Molecular biologists, developmental biologists and computer scientists at the Universtity of Helsinki, Finland, came together to advance towards cracking the code for how gene expression is controlled. The results of this work are published in Cell, in January 2006.
A genome milestone was reached in 2001 when sequencing of the human genome was completed.
This has been followed by complete chemical read-outs of DNA sequence for several species, for example mouse, dog, cow and chicken, in the recent years.
But without a code or 'grammar' to reveal the message behind the sequence, the genomic DNA is merely a list of millions and millions of base pairs, A's, C's, G's and T's one after the other.
Based on the universal code by which DNA encodes amino acids, one can make sense of the constantly increasing amout of DNA sequence data as far as it encodes proteins.
This code was solved in 1966 and it has allowed researchers to find genes and estimate the total number of genes in the human genome. However, coding sequence covers only about 1.2% of the human genome.

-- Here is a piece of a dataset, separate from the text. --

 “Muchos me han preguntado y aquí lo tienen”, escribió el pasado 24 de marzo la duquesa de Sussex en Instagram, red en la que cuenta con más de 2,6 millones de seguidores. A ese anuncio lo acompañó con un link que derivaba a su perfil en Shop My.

At the University of Helsinki the researchers have been interested in sequences which regulate gene expression. The research group, led by professor Jussi Taipale, Ph.D, has defined the binding specificities of several transcription factors.

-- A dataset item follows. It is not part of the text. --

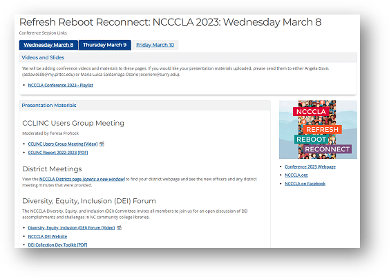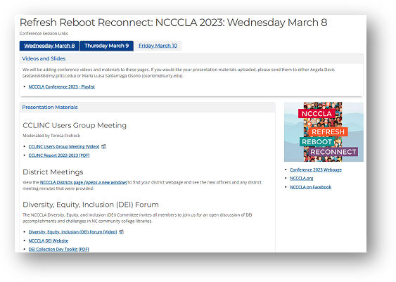Presentation materials for the 2023 NCCCLA Conference are available online.

Transcription factors are DNA-binding proteins which are required to activate gene expression.
In collaboration biologists and computer scientists designed software called EEL (enhancer element locator) which searches genomic sequence for regions where many transcription factors bind DNA side by side.
Finding the same region with high frequency of transcription factors in several species indicates that the DNA element regulates gene expression.
The researchers showed that the predicted regulatory elements direct organ-specific expression of a marker gene in transgenic mice. Novel experimental and computational methods enabled genome-wide analysis of regulatory elements in several species.
The findings of the Finnish scientists have implications to the study of cancer, evolution, development biology and many other areas of biology. The work revealed a potential mechanism explaining why many different genes are linked to cancer.